Express & Star

Comment: Rock bottom Labour really are listening, but only to themselves

Reflecting on the latest set of disastrous election results for Labour, two of the party’s more outspoken individuals offered possible solutions.

Published
Sir Keir taking a stroll in Birmingham last week with Mayoral candidate Liam Byrne, who lost, and deputy leader Angela Rayner, who he has since sacked as party chair

For soon-to-be former Unite boss Len McCluskey, a return to the vision of Jeremy Corbyn was swiftly required. Sir Keir Starmer was already a busted flush and it was time to bring true socialism back, he opined.

Lord Adonis agreed that Sir Keir’s time was up, but it was the victorious majesty of Tony Blair that Labour needed to invoke in order for the party to become electable again.

They may well be right that Sir Keir isn’t the one, after all he looked and sounded like a broken man in the interviews he clearly didn’t want to do after his party had been battered in Hartlepool.

But like the vast majority of Labour politicians and officials, neither of them have a clue how to make Labour electable again.

Labour’s problems are many. The party is obsessed with pandering to members’ demands to the point where the wider electorate is ignored and often patronised.

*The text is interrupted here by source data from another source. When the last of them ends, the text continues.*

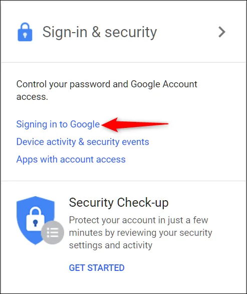 حالا Sign In & Securityرا انتخاب کرده و روی Signing In To Google کلیک کنید.
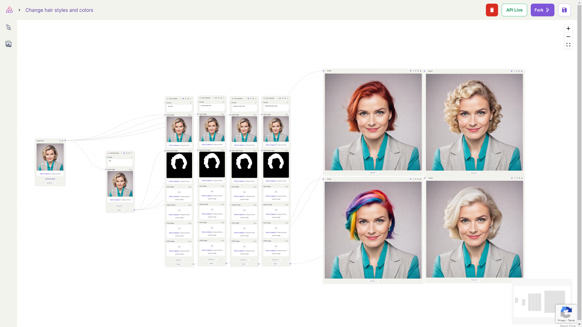 If you want to modify hair (as demonstrated in the workflow below), explicitly designate the hair as the text prompt in the automatic mask generator. This step ensures an accurate mask is generated specifically for the hair. With the mask in place, you can proceed with inpainting models like Fooocus Inpainting. During inpainting, specify the desired hair color or style as part of the inpainting process. The black pixels (human) is preserved, while the white pixels is inpainted (the hair).
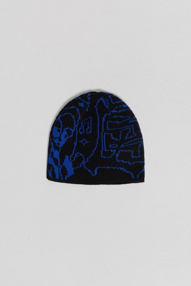 Descriptionpelo Tattoo Beanie Fitted Skull Beanie Cast Off Hem No Turn Up Pelo Rosso Allover Tattoo Print Black And Blue Colourway Product Code: Jma3350 …
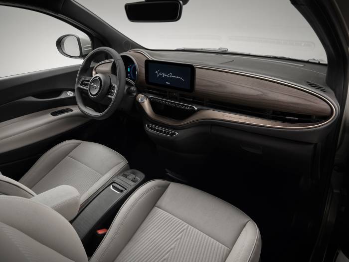 FIAT 500e Giorgio Armani Collector’s Edition’ın iç mekânı, geleneksel el sanatları tekniklerini anımsatan şerit dikişler ve orta koltuk eklerindeki üç boyutlu desenlerle yansıtılan olağanüstü işçiliğe dikkat çekiyor. Kabinde kullanılan malzemeler, ileri teknoloji ve geleneksel yöntemleri bir araya getirerek zarafeti ve en yüksek kalite seviyesini yansıtıyor. Yenilikçi detaylar arasında gösterge panelinde lüks kumaşa benzer bir yumuşaklık sunan lazer kesim ahşap bir ek yer alıyor. Bunlara, ince işçiliğe olan bağlılığı vurgulayan ayrıntılı el işçiliği unsurları, örneğin gösterişli nakışlar da eşlik ediyor. Aracın jantlarında ve koltuklarında Milanolu üstadın logosu yer alırken, imzası gösterge panelinde, iç kapılarda ve arka camda belirgin bir şekilde yer alıyor. Elbette bu da iş birliğinin özgün karakterini ve ayrıntılara gösterilen özeni vurguluyor.
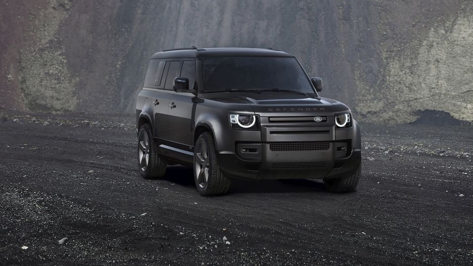 Auto dyskretnie akcentuje, że jest wyposażone w najmocniejszy wariant napędowy. Defender 130 V8 dostępny jest wyłącznie w kolorach Carpathian Grey lub Santorini Black. Ma cztery rury wydechowe, odsuwany dach panoramiczny z czarnym, kontrastowym pokryciem, znaczki zewnętrzne V8, reflektory Matrix LED, przyciemnione światła tylne, przyciemniane szyby i 22-calowe felgi aluminiowe w odcieniu Satin Dark Grey.
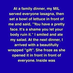 At a family dinner, my MIL served everyone lasagna, then set a bowl of lettuce in front of me and said, “You have a pretty face. It’s…
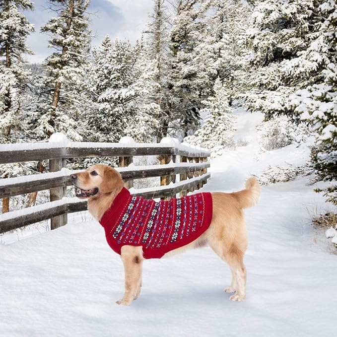 BINGPET Dog Sweater - Christmas Winter Warm Dog Clothes - Turtleneck Sweater for Small Medium Large Dogs - Classic Snowflake Doggy Knitwear Clothes -

It professes to be the party of the working class, yet peddles a London-centric worldview that makes such a sentiment seem laughable.

It is a sad indictment on Labour’s current state that the most enthused many of the party’s MPs have been over the last 12 months was when statues were being pulled down.

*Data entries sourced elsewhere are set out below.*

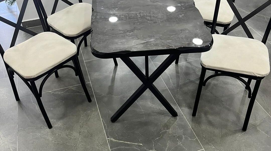 Mermer Görünümlü Modern Yemek Masası Takımı (1+4)
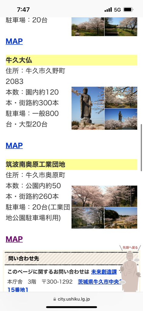 気になって調べてみたら、牛久市が桜🌸の名所として紹介してました。
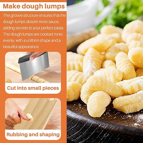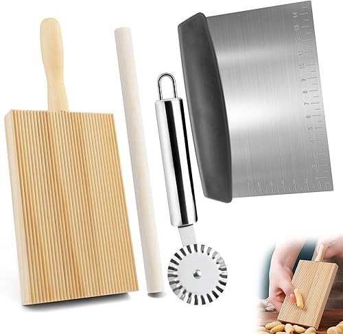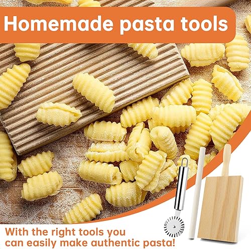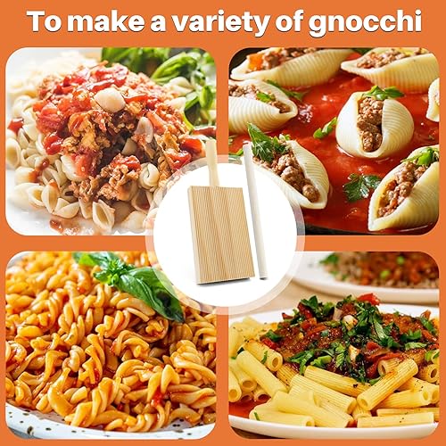 GZcaiyun Gnocchi Planche à pâtes en bois avec bâtonnets en bois, planche à pâtes pour la fabrication de gnocchi en forme de nouilles, avec roue de découpe de pâtes et carte à pâte
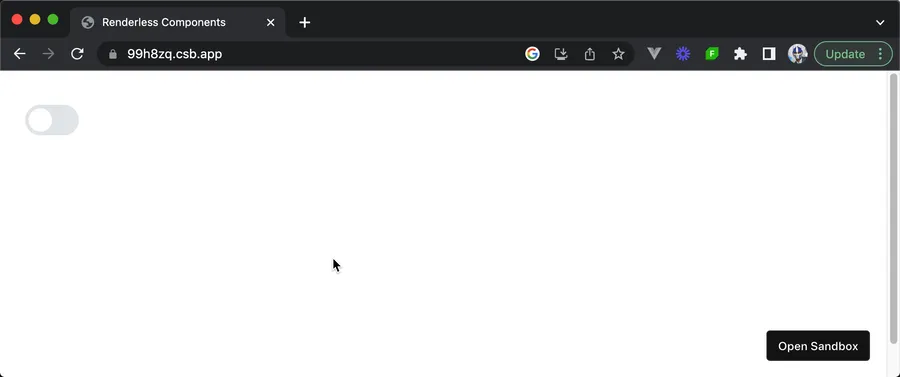 在父组件中,我们来尝试渲染三个不同的切换组件,每个组件都具有各自独特的表现。我们首先导入前面创建的无渲染组件 ToggleComponent。

All of this partly explains why the Conservatives are now miles ahead in places such as Dudley, Walsall and Cannock Chase, and why Labour has lost ground in strongholds including Sunderland and Sandwell.

It certainly doesn’t help that the party keeps on making the same mistakes, over and over and over again.

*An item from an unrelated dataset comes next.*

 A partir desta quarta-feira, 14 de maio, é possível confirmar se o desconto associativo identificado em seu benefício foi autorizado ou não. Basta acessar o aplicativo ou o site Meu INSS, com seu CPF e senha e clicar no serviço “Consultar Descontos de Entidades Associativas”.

Take the election for West Midlands Mayor, for example.

In 2017 they picked a career politician in Sion Simon, who ran a campaign so atrocious that it was almost as if he was trying to lose.

Having lost to Andy Street, Labour came up with Liam Byrne for this year’s election, another career politician who in his time as an MP in Birmingham’s most deprived constituency has achieved nothing of note.

Mr Byrne’s campaign was possibly even more wretched than the 2017 debacle (which he also worked on, incidentally), so it was little surprise that he slumped to a heavy defeat.

Meanwhile up in Hartlepool – where 70 per cent of people voted for Brexit – Labour put up staunch Remainer Paul Williams, who had been turfed out of another big Leave constituency Stockton South in 2019.

Same old Labour of the past decade, always saying that lessons will be learned, but never actually learning anything.

Heading into these elections, Labour’s main plan of attack was to hope that enough voters would be appalled by the BBC-led uproar over the redecoration of the PM’s flat.

If that is all Sir Keir has to offer, then he might as well give up now.

Here’s one lesson the Labour leader would be wise to take on board, should he stick around long enough to fight another day.

Never think you have reached rock bottom, because there are always deeper depths to plumb.